* **What you are asked to do**
Starting with the line that has "Sterling Silver Medium" and finishing with the line that has "sepharose chromatography. |", set down each line below exactly. Pictures are not copied.

* **Data in this exercise**

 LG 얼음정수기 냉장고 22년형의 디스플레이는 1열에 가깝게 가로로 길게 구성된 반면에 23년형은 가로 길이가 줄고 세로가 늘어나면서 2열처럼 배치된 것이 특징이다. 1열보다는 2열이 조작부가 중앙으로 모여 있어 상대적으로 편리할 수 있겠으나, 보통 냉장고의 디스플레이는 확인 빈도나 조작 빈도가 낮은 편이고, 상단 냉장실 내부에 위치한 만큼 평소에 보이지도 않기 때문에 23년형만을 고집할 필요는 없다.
--
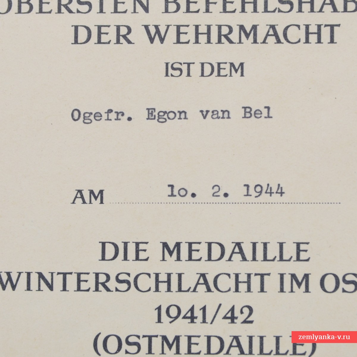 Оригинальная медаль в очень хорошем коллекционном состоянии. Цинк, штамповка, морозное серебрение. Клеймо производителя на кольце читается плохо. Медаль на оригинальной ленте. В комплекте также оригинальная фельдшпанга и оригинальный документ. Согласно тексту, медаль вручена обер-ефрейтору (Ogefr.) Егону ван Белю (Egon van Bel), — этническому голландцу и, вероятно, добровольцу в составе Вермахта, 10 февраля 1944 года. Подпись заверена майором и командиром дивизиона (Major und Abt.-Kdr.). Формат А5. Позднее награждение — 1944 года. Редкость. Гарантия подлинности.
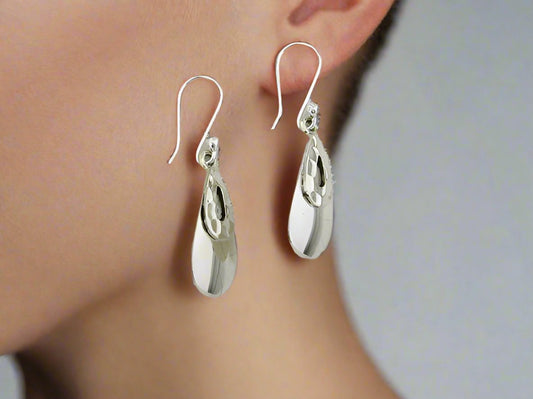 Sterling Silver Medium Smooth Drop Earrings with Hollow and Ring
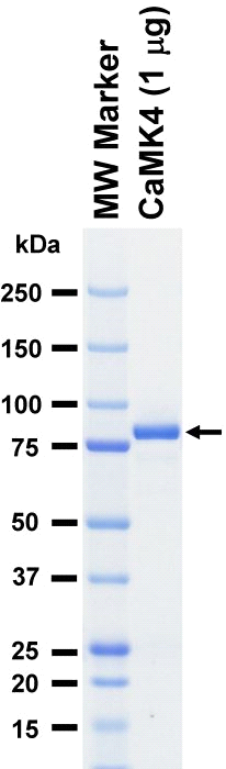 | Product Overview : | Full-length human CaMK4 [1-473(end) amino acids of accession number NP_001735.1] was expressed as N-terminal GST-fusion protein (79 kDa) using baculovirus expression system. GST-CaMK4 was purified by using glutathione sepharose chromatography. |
==
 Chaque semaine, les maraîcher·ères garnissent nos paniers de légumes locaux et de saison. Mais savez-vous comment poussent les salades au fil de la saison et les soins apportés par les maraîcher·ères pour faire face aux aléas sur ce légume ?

* **Written response**
 Sterling Silver Medium Smooth Drop Earrings with Hollow and Ring
 | Product Overview : | Full-length human CaMK4 [1-473(end) amino acids of accession number NP_001735.1] was expressed as N-terminal GST-fusion protein (79 kDa) using baculovirus expression system. GST-CaMK4 was purified by using glutathione sepharose chromatography. |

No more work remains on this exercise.